■ **Aim of the task**
The required answer is an exact copy of every line from the beginning of the entries through the line with "Главная / Архив", with all pictures omitted.
****************
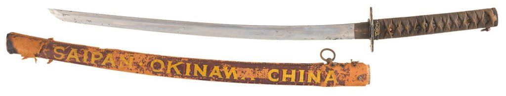 33" OAL, 23 1/4" blade with a straight hamon, copper habaki, 4-lobed iron tsuba, floral themed gold accented furniture, and a leather covered saya with "SAIPAN * OKINAWA * CHINA" painted on the side. Two mekugi-ana are present on the very aged tang, with a 2-symbol signature on the left side. The blade shows a number of chips, a few cracks, and scattered pitting, and the furniture shows a great deal of wear and tear. Though not documented, the features and condition suggest a field-captured American Marine/G.I. war trophy.
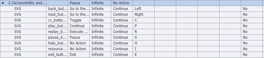 Where are the interactions you were talking about? I don't see any interaction, you have only some common navigation buttons, a Play button, a Pause button and a Replay button. The last is the only one triggering an advanced action (not an interaction, try using correct terminology). I can suspect what that action is, probably as described in my blog post:
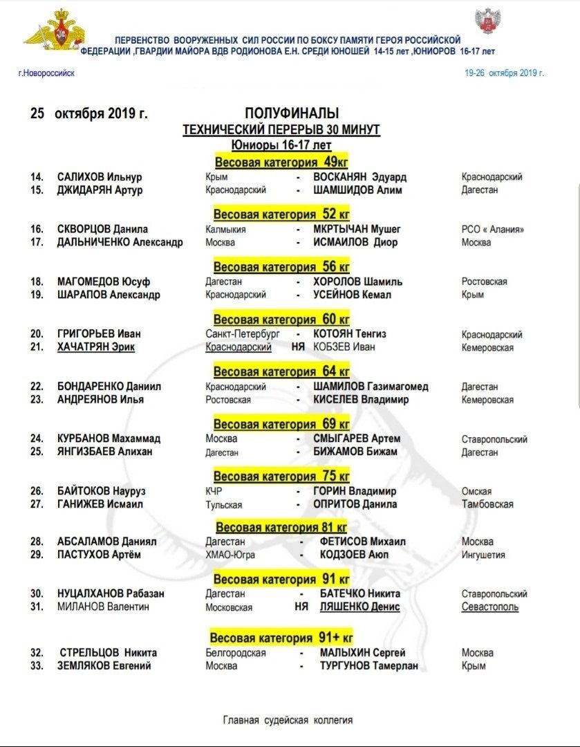 Главная / Архив новостей / Первенство Вооруженных Сил Российской Федерации по боксу среди юниоров 16-17 лет и юношей 14-15 лет. Новороссийск. День 5
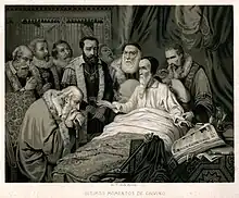 In late 1558, Calvin became ill with a fever. Since he was afraid that he might die before completing the final revision of the Institutes, he forced himself to work. The final edition was greatly expanded to the extent that Calvin referred to it as a new work. The expansion from the 21 chapters of the previous edition to 80 was due to the extended treatment of existing material rather than the addition of new topics.[80] Shortly after he recovered, he strained his voice while preaching, which brought on a violent fit of coughing. He burst a blood-vessel in his lungs, and his health steadily declined. He preached his final sermon in St. Pierre on 6 February 1564. On 25 April, he made his will, in which he left small sums to his family and to the collège. A few days later, the ministers of the church came to visit him, and he bade his final farewell, which was recorded in Discours d'adieu aux ministres. He recounted his life in Geneva, sometimes recalling bitterly some of the hardships he had suffered. Calvin died on 27 May 1564 aged 54. At first his body lay in state, but since so many people came to see it, the reformers were afraid that they would be accused of fostering a new saint's cult. On the following day, he was buried in an unmarked grave in the Cimetière des Rois.[81] The exact location of the grave is unknown; a stone was added in the 19th century to mark a grave traditionally thought to be Calvin's.[82]
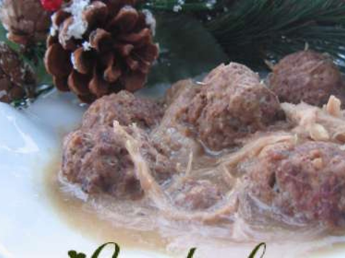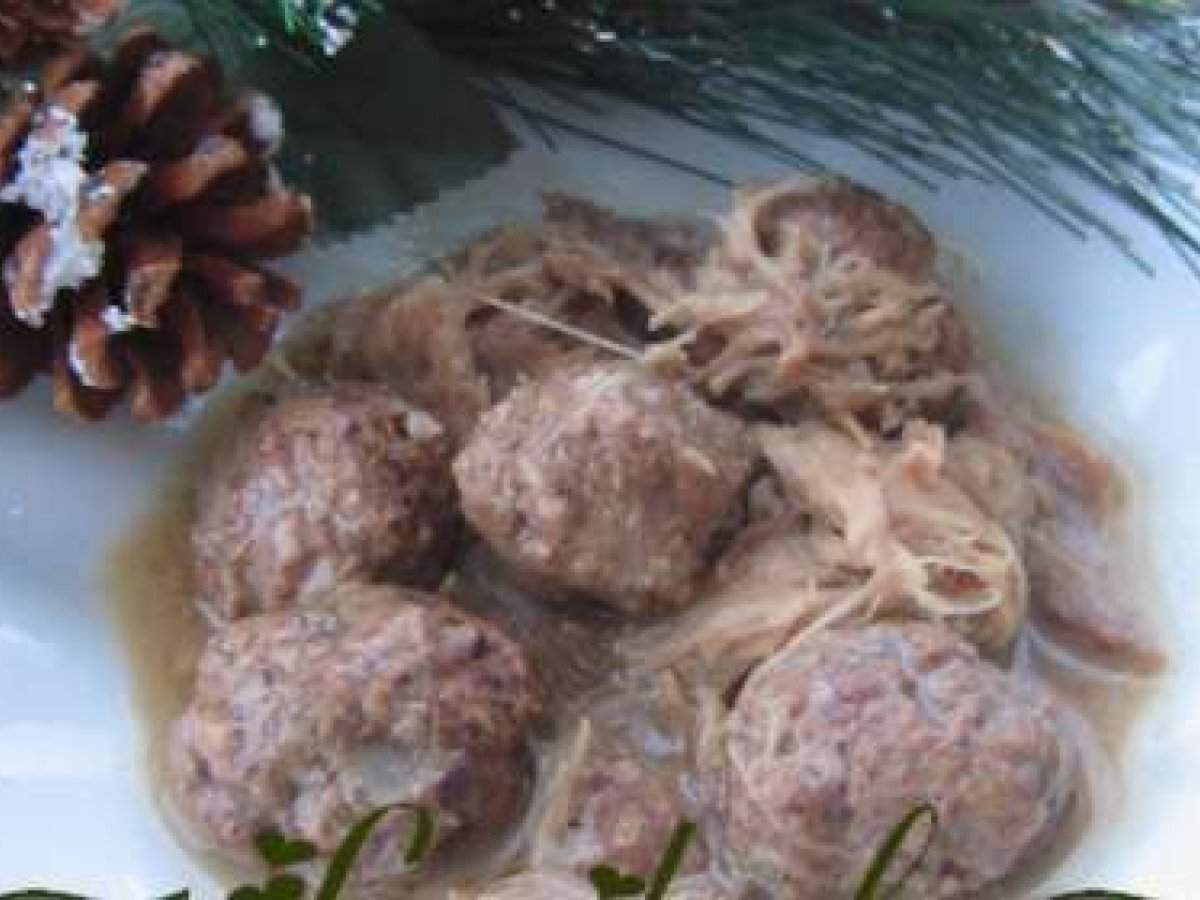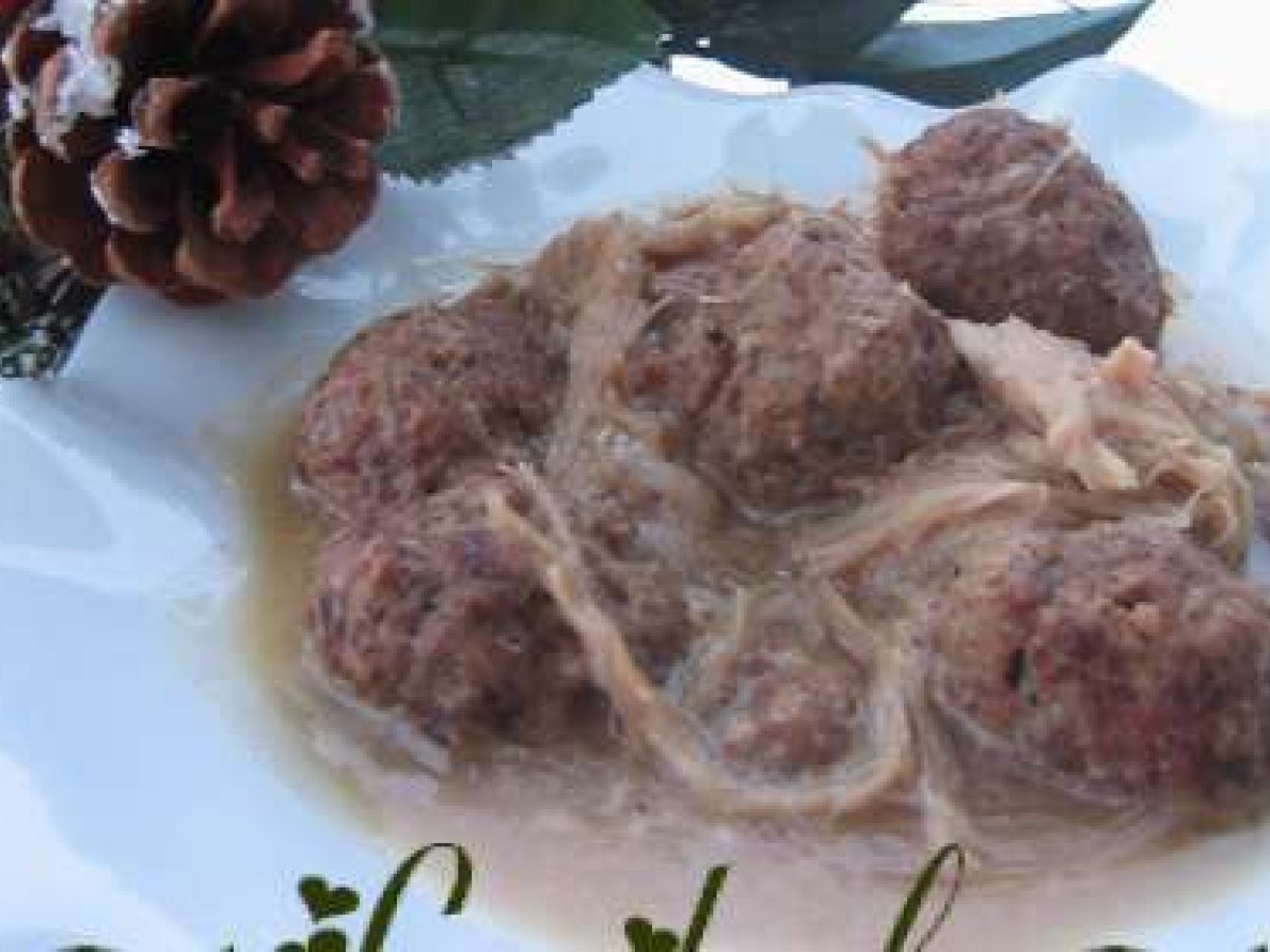 Ragoût de boulettes et de pattes de cochon PrécédentSuivant Platmoyen2 h 20 m Envoyer cette recette à un ami Imprimer cette page Poser une question à l'auteur Publier votre photo de cette recette Ingrédients 6 4 pattes de cochon 2 tranches de pain coupées en dés (moi chapelure italienne) 1/2 tasse (125 ml) de lait (moi omis) 1 1/2 lb (750g) de porc haché 1/2 lb (250g) de boeuf haché 1 oignon émincé 1/4 de c. à thé (1ml) de clou de girofle moulu 1/4 de c. à thé (1ml) de cannelle moulue 1/4 de c. à thé (1ml) de moutarde sèche Sel et poivre, au goût 1 c. à soupe (15ml) d'huile végétale (moi omis car cuit boulette dans le four) 5 c. à soupe (75ml) de farine grillée
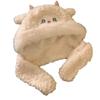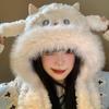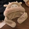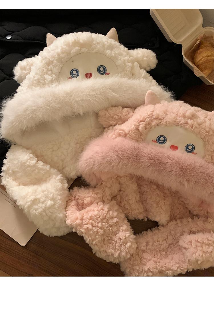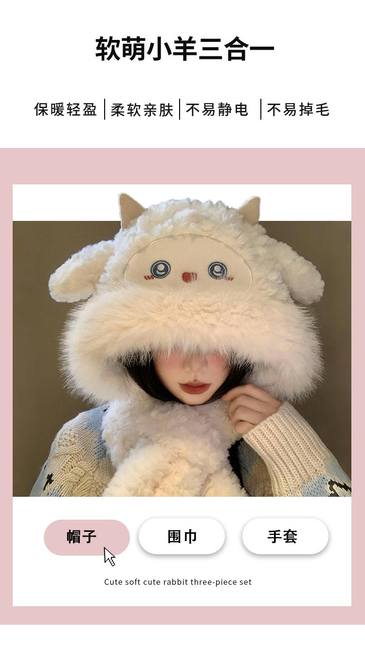 Gorro de oveja esponjoso para mujer, bonito gorro de invierno, cálido, resistente al frío, bufanda de una pieza, grueso, con protección para las orejas, gorro Lei Feng.
****************
■ **Problem solution**
 33" OAL, 23 1/4" blade with a straight hamon, copper habaki, 4-lobed iron tsuba, floral themed gold accented furniture, and a leather covered saya with "SAIPAN * OKINAWA * CHINA" painted on the side. Two mekugi-ana are present on the very aged tang, with a 2-symbol signature on the left side. The blade shows a number of chips, a few cracks, and scattered pitting, and the furniture shows a great deal of wear and tear. Though not documented, the features and condition suggest a field-captured American Marine/G.I. war trophy.
 Where are the interactions you were talking about? I don't see any interaction, you have only some common navigation buttons, a Play button, a Pause button and a Replay button. The last is the only one triggering an advanced action (not an interaction, try using correct terminology). I can suspect what that action is, probably as described in my blog post:
 Главная / Архив новостей / Первенство Вооруженных Сил Российской Федерации по боксу среди юниоров 16-17 лет и юношей 14-15 лет. Новороссийск. День 5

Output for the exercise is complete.